FreifunkBremen / yanic

Yet another node info collector - for respondd to be used with meshviewer to Grafana (with influxdb or graphite)
https://freifunkbremen.github.io/yanic/
GNU Affero General Public License v3.0
20 stars 40 forks source link

All nodes offline after update #137

Closed mweinelt closed 6 years ago

mweinelt commented 6 years ago

updated today from 003c44fd6cb1b2218f4328aa512f292592fa54bf to 10f58a72ea289d68f36c9c6ccad1d0f6f424ac38 and now all nodes are offline. The meshviewer.json is updated every minute, but the nodes stay offline. Sniffing the interfaces I see querys and answers, but they're silently discarded.

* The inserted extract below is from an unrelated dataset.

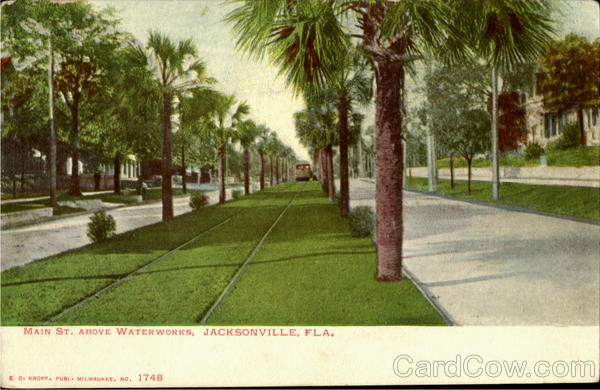 Front: MAIN ST. ABOVE WATERWORKS, JACKSONVILLE, FLA. E. C. KROPP, PUBL. MILWAUKEE, NO. 1748 Back: THIS SIDE IS FOR THE ADDRESS.

yanic[32066]: 2018/05/08 15:46:02 nodes.go:217: loaded 1086 nodes
yanic[32066]: 2018/05/08 15:46:02 serve.go:53: delaying 58.0 seconds
yanic[32066]: 2018/05/08 15:47:00 collector.go:165: sending multicasts
yanic[32066]: 2018/05/08 15:47:30 collector.go:200: sending 0 unicast pkg for 0 nodes
yanic[32066]: 2018/05/08 15:48:05 database.go:152: saving 82 points
yanic[32066]: 2018/05/08 15:48:30 collector.go:165: sending multicasts
yanic[32066]: 2018/05/08 15:49:00 collector.go:200: sending 0 unicast pkg for 0 nodes
yanic[32066]: 2018/05/08 15:49:05 database.go:152: saving 82 points
yanic[32066]: 2018/05/08 15:49:30 collector.go:165: sending multicasts
yanic[32066]: 2018/05/08 15:50:00 collector.go:200: sending 0 unicast pkg for 0 nodes
# This is the config file for Yanic written in "Tom's Obvious, Minimal Language."
# syntax: https://github.com/toml-lang/toml
# (if you need somethink multiple times, checkout out the [[array of table]] section)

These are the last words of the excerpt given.